# Top Tips for your 30s



## Firefly (24 Mar 2011)

I'm looking here for the 40+ posters here to list their recommendations for things to do in your 30s. A sort of...if I had my time back I would have done xyx. It doesn't have to be finance related (actually it would be more interesting if it wasn't).


----------



## callybags (24 Mar 2011)

That's just an underhanded way of finding out how old posters are.

I have your number.

You're probably 50.


----------



## Purple (24 Mar 2011)

I couldn't tell you; I'm still in my 30's


----------



## BillK (24 Mar 2011)

I wish I could remember that far back!


----------



## ali (24 Mar 2011)

This touches on a related post on LOS about keeping your trousers on.

I have a friend whose mother is a typical aul one. Hefty, traditional , granny perm and v. respectable. On one drunkish night when we arrived back to the friend's house where her Mum (lady described above) was babysitting, we asked her for reflections/advice on life. She said "I wish I had of put it about a bit more!".

Needless to say we howled laughing. In the confidence that comes with fighting the fellas off all night. But in our youth and beauty we just didn't get the short lived privilege that this is. It won't last and I just think that to all the 30 something gorgeous confident young things (lads and girls) out there:
Enjoy it while it lasts!!


----------



## horusd (24 Mar 2011)

start saving for botox,and liposuction Consume as much cholesterol as ye like, and take a time to be a couch potatoe. You'll be trying to reverse all that some enuf.
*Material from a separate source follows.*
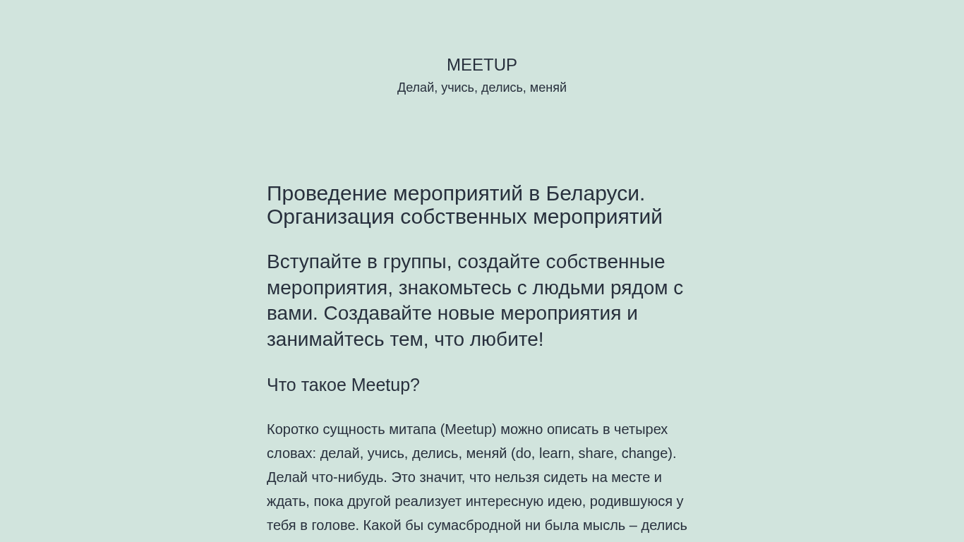 SEO-лексикамероприятий meetup учись делись делай меняй тебя проведение беларуси организация мероприятия людьми новые тем можно что-нибудь значит все хотя через

What was it Shakespeare said, " golden lads and girls all must, as chimney sweepers come to dust!"


----------



## PaddyW (25 Mar 2011)

I just turned 30 so I'm hoping for some good tips!


----------



## Betsy Og (25 Mar 2011)

start saving for your pension now because the longer you leave it the more expensive it gets... blah blah blah (even with the tax saving I'd say I'm barely ahead of if I'd just saved it - and now I cant access it).
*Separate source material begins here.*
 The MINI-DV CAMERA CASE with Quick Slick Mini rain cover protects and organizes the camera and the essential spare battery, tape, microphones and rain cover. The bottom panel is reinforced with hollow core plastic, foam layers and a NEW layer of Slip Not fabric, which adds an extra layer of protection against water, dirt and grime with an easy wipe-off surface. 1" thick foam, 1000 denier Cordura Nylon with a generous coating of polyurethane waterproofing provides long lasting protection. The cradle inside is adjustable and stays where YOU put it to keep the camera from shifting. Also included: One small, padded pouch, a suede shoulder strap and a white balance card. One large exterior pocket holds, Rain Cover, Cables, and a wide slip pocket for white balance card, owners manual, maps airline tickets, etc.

So, have a think about it and make some steps, but dont believe all the hype & consider whether the greater need for cash could be in the next 10 years rather than 40 years time (by the time we get there I'd be fairly sure that 70 will be the "new 60" or 50, and state pension wont kick in until 70 or later).
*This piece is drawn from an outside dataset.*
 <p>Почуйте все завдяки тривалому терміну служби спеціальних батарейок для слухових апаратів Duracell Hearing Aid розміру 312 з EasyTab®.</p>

Am only mid 30's, but keep playing aerobic sports (GAA, soccer, rugby etc etc) as long as you can because its now getting harder fitness-wise and a hiatus in late 20's/early 30's would be a waste of valuable time.


----------



## Sunny (25 Mar 2011)

Just remember that checking out that 18 year old hottie is not ok anymore....


----------



## Ceist Beag (25 Mar 2011)

Sunny said:


> Just remember that checking out that 18 year old hottie is not ok anymore....



Nonsense ....


----------



## Mpsox (25 Mar 2011)

I don't have any regrets about my 30s, travelled loads, settled down, made babies.

What I would say, in all seriosuness, is get you finances in order, time to start saving and investing a bit for the future, if you're in your 30s, you're halfways to the pension

Keep the brain active, one regret I have is that I never did that Masters or other degree I'd always said I would.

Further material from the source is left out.